### Work request
The full listing, written out exactly and without images, is the expected result.

### Data
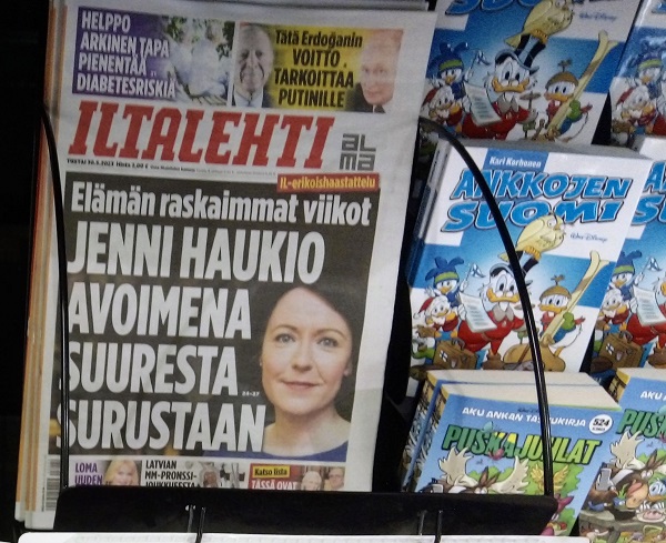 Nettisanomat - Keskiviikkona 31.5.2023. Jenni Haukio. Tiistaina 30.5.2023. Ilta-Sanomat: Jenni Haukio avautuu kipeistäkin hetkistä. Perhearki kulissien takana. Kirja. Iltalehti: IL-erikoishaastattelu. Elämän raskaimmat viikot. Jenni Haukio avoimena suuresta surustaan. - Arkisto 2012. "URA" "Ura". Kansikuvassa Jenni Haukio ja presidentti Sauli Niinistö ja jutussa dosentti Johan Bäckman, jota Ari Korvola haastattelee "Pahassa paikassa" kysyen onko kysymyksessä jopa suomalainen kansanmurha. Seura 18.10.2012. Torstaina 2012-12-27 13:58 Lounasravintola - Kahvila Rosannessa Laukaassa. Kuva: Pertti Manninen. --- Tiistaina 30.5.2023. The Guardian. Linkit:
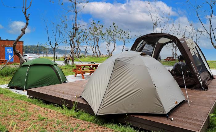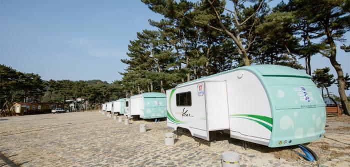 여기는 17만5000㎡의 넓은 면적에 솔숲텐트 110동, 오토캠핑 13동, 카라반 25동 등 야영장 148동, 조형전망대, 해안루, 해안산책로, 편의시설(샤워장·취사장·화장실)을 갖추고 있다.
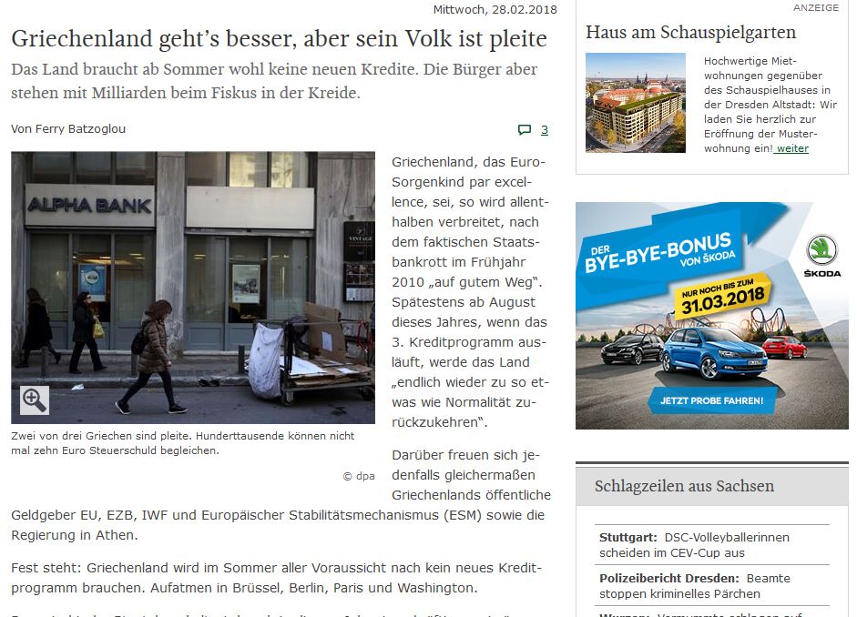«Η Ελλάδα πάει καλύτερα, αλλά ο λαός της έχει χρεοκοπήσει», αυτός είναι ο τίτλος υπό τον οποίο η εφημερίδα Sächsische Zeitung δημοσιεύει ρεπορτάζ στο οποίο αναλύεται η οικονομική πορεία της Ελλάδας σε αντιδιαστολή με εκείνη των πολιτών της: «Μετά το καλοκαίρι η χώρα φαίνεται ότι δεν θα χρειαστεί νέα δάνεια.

### Response box
 Nettisanomat - Keskiviikkona 31.5.2023. Jenni Haukio. Tiistaina 30.5.2023. Ilta-Sanomat: Jenni Haukio avautuu kipeistäkin hetkistä. Perhearki kulissien takana. Kirja. Iltalehti: IL-erikoishaastattelu. Elämän raskaimmat viikot. Jenni Haukio avoimena suuresta surustaan. - Arkisto 2012. "URA" "Ura". Kansikuvassa Jenni Haukio ja presidentti Sauli Niinistö ja jutussa dosentti Johan Bäckman, jota Ari Korvola haastattelee "Pahassa paikassa" kysyen onko kysymyksessä jopa suomalainen kansanmurha. Seura 18.10.2012. Torstaina 2012-12-27 13:58 Lounasravintola - Kahvila Rosannessa Laukaassa. Kuva: Pertti Manninen. --- Tiistaina 30.5.2023. The Guardian. Linkit:
 여기는 17만5000㎡의 넓은 면적에 솔숲텐트 110동, 오토캠핑 13동, 카라반 25동 등 야영장 148동, 조형전망대, 해안루, 해안산책로, 편의시설(샤워장·취사장·화장실)을 갖추고 있다.
«Η Ελλάδα πάει καλύτερα, αλλά ο λαός της έχει χρεοκοπήσει», αυτός είναι ο τίτλος υπό τον οποίο η εφημερίδα Sächsische Zeitung δημοσιεύει ρεπορτάζ στο οποίο αναλύεται η οικονομική πορεία της Ελλάδας σε αντιδιαστολή με εκείνη των πολιτών της: «Μετά το καλοκαίρι η χώρα φαίνεται ότι δεν θα χρειαστεί νέα δάνεια.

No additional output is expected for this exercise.